Human aneuploid cells depend on the RAF/MEK/ERK pathway for overcoming increased DNA damageAneuploidy is a hallmark of human cancer, yet the molecular mechanisms to cope with aneuploidy-induced cellular stresses remain largely unknown. Here, we induce chromosome mis-segregation in non-transformed RPE1-hTERT cells and derive multiple stable clones with various degrees of aneuploidy. We perform a systematic genomic, transcriptomic and proteomic profiling of 6 isogenic clones, using whole-exome DNA, mRNA and miRNA sequencing, as well as proteomics. Concomitantly, we functionally interrogate their cellular vulnerabilities, using genome-wide CRISPR/Cas9 and large-scale drug screens. Aneuploid clones activate the DNA damage response and are more resistant to further DNA damage induction.

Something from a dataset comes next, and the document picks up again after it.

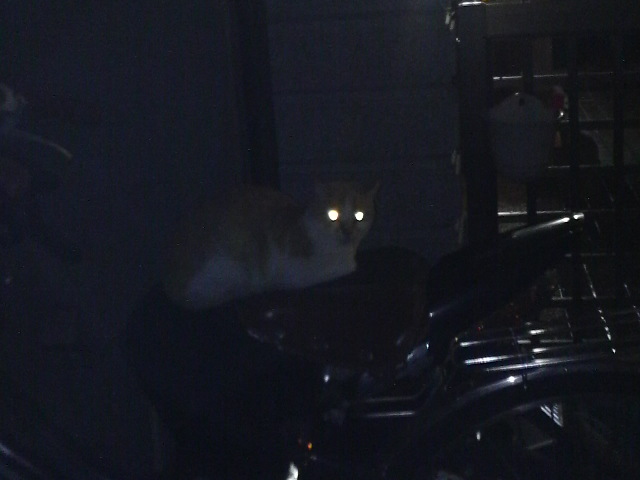 私のチャリの横のバイクの上で

Aneuploid cells also exhibit elevated RAF/MEK/ERK pathway activity and are more sensitive to clinically-relevant drugs targeting this pathway, and in particular to CRAF inhibition. Importantly, CRAF and MEK inhibition sensitize aneuploid cells to DNA damage-inducing chemotherapies and to PARP inhibitors. We validate these results in human cancer cell lines. Moreover, resistance of cancer patients to olaparib is associated with high levels of RAF/MEK/ERK signaling, specifically in highly-aneuploid tumors. Overall, our study provides a comprehensive resource for genetically-matched karyotypically-stable cells of various aneuploidy states, and reveals a therapeutically-relevant cellular dependency of aneuploid cells. Despite being a hallmark of cancer, the identification of targetable vulnerabilities of aneuploid cancer cells remains limited. Here, the authors develop RPE1-hTERT cell lines with varying degrees of aneuploidy to investigate the consequences of chromosomal imbalance, identifying CRAF as an aneuploid-selective therapeutically targetable vulnerability.